There are four berths up for grabs in Europe, where the eight best runners-up in the nine groups have been paired in home-and-away playoffs.
The last three of Africa's five qualifiers will be settled in the final round of group games, although Senegal and South Africa will squeeze in an extra match on Nov. 10.
There are two long-distance playoffs as New Zealand faces Peru and Australia plays Honduras.
In Europe, Italy, Greece, Switzerland and the Republic of Ireland are all seeded and play the second leg at home.
For Italy and veteran goalkeeper Gianluigi Buffon that might not be such an advantage against Sweden. The Azzurri drew at home with both Spain and Macedonia in its group.
The playoff puts Italy's proud record of World Cup participation in danger. The Azzurri are tied with Germany for most appearances by a European nation, 18. But Germany has already made sure of a 19th berth.
Italy is also the only one of the eight previous winners not yet sure of their place in this World Cup.
Italy's defense needs to beware of Sweden, the top scorer among the eight playoff teams, with 26 goals in 10 games.
Switzerland collected 27 points in its 10 group games, more than five of the nations that won their groups. Yet it came second on goal difference to Cristiano Ronaldo's Portugal.
"They're obviously the seeded team, so the pressure's more on them than us," Northern Ireland forward Jamie Ward said. "We're always great as the underdogs, so I think it was a bit of a bonus us not being seeded."
The encounter between Greece and Croatia pairs two nations that specialize in winning playoffs. If Greece wins, it will become the first European team to reach three successive World Cups through playoffs. Croatia has won all four of its qualifying playoffs for major tournaments.
Croatia has the star names with Luka Modric, Ivan Rakitic, Mario Mandzukic and Ivan Perisic, but Greece is seeded and home advantage could prove even greater as the two countries have agreed to ban away fans from the matches.
The Republic of Ireland, which takes on Denmark, have a chequered history with playoffs. This is its eighth overall, a European record. It has won three and lost four, including the notorious game in France in 2009 when Thierry Henry's handball set up the extra-time goal that eliminated the Irish.
"When there's been big questions put to the players, they've come up with the answers." Irish assistant manager Roy Keane said.
The Danish danger man is Tottenham's Christian Eriksen who has scored in each of his last six appearances for his nation.
"Denmark has a lot of skilful players, good options going forward and Eriksen is a really big player for them," Keane said.
In Africa, Nigeria and Egypt have booked their tickets but three of the five group winners are still to be decided.
In Group A, Tunisia is almost there. It leads Congo by three points and faces last-place Libya at home. The Carthage Eagles could even qualify if they lose and Congo beats Guinea in Kinshasa, provided both games are low-scoring and decided by just one goal.
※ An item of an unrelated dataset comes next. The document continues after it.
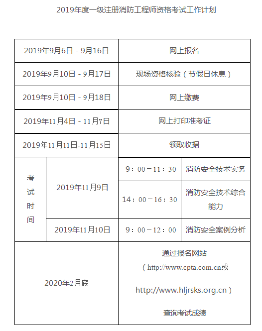 黑龍江省2019年一級消防工程師的報名考試日程安排詳情
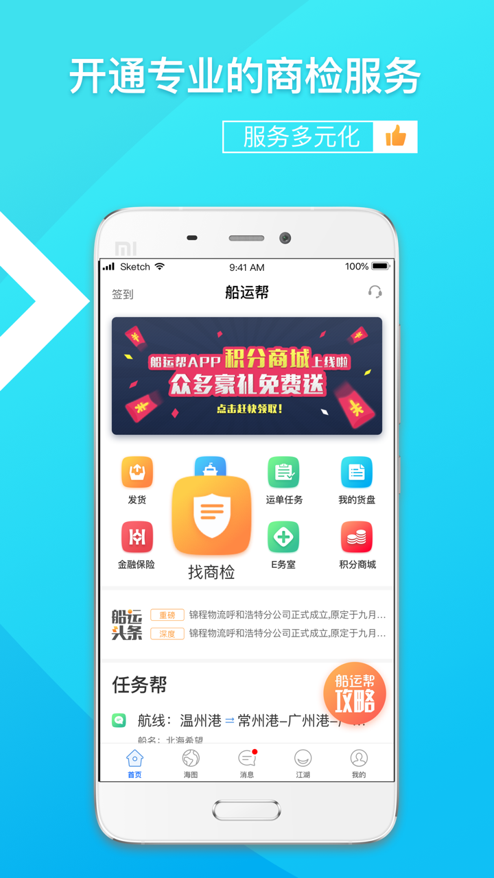 技术专业、值得信赖的聪慧船运综合服务平台。 根据数据分析技术性,为船运有关方出示全过程可视化物流追踪、合同书物流管理方法、临时性找船服务项目、商业保险、运输费保理、线上报检、线上船代、在线医疗、船舶维修、船给油等一站式船运服务项目,提高客户体验、造就价值,创建高

Group C is finely balanced. Morocco travels to Abidjan for a game that will decide who qualifies. Ivory Coast has home advantage but Morocco has a one-point edge in the table and will qualify with a draw.
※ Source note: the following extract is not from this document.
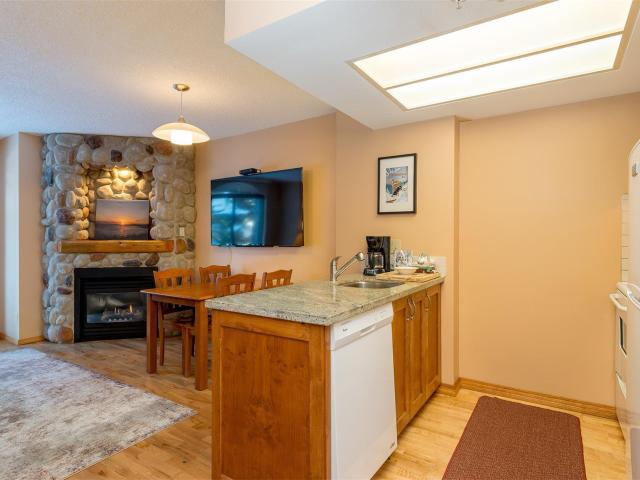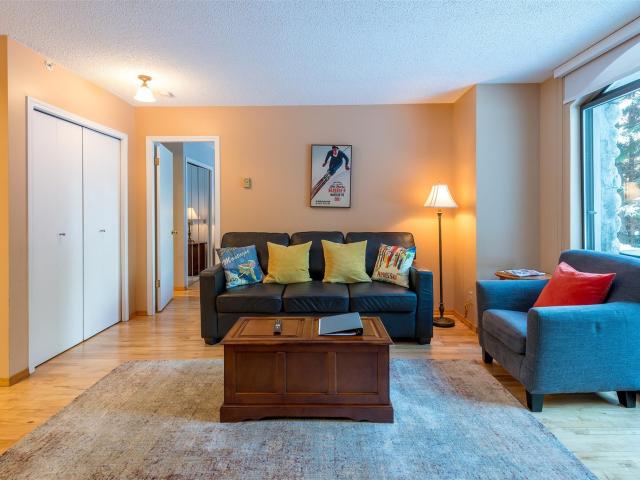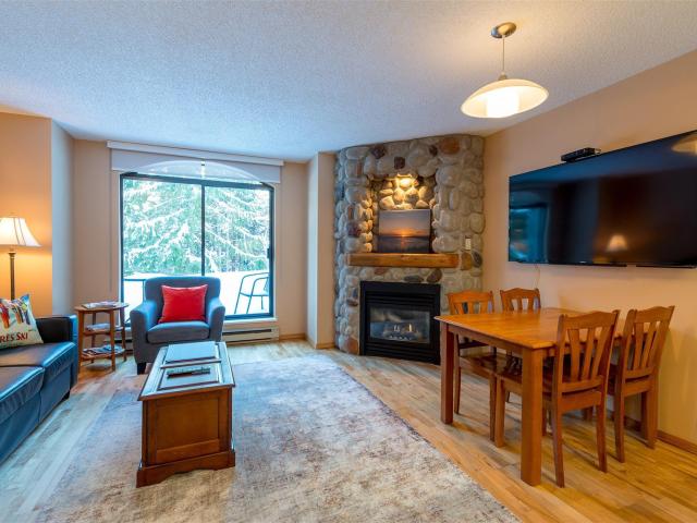 Newly upgraded furniture, furnishings, and finishes in this cozy 1-bedroom home is located in a quiet, concrete building slope-side to Blackcomb Mountain, with ski-in/ski-out access across the road. Features include a year-round heated outdoor pool, covered hot tub, sauna, exercise area, bike storage, ski storage and large party room. It is one block from The Fairmont Chateau Whistler Golf Course, and has easy access to The Valley Trail and Lost Lake's cross-country ski and bike trails. Located on the ground floor, enjoy large patio and private treed outlook, with fabulous natural light. Well-managed strata, parkade upgrade paid by sellers, this home has it all.

"We need a team that will go to war and every player to be ready to give 200 percent," said Ivory Coast manager Marc Wilmots.
In Group D, Senegal leads by two points and plays South Africa home and away, needing two points to be absolutely sure. Senegal's likely progress has been delayed because its defeat in South Africa last November was scrubbed out. That match was decided by a bizarre penalty which led to a life ban for the referee, Joseph Lamptey.
The four teams competing for the two remaining places will have to go the extra kilometer.
Australia, which has already squeezed through one tense playoff against Syria, takes on Honduras, which edged the United States to finish fourth in its region.
The first leg is in San Pedro Sula, then the teams must cross the Pacific for the second leg, nearly 14,000 kilometers away in Sydney.
New Zealand, which won the 11-nation Oceania group, and Peru, which finished fifth in the South American group, will be flying the other way.
Their first leg is in Wellington, the second, in Lima late Nov. 15, will bring the long qualifying process to a close.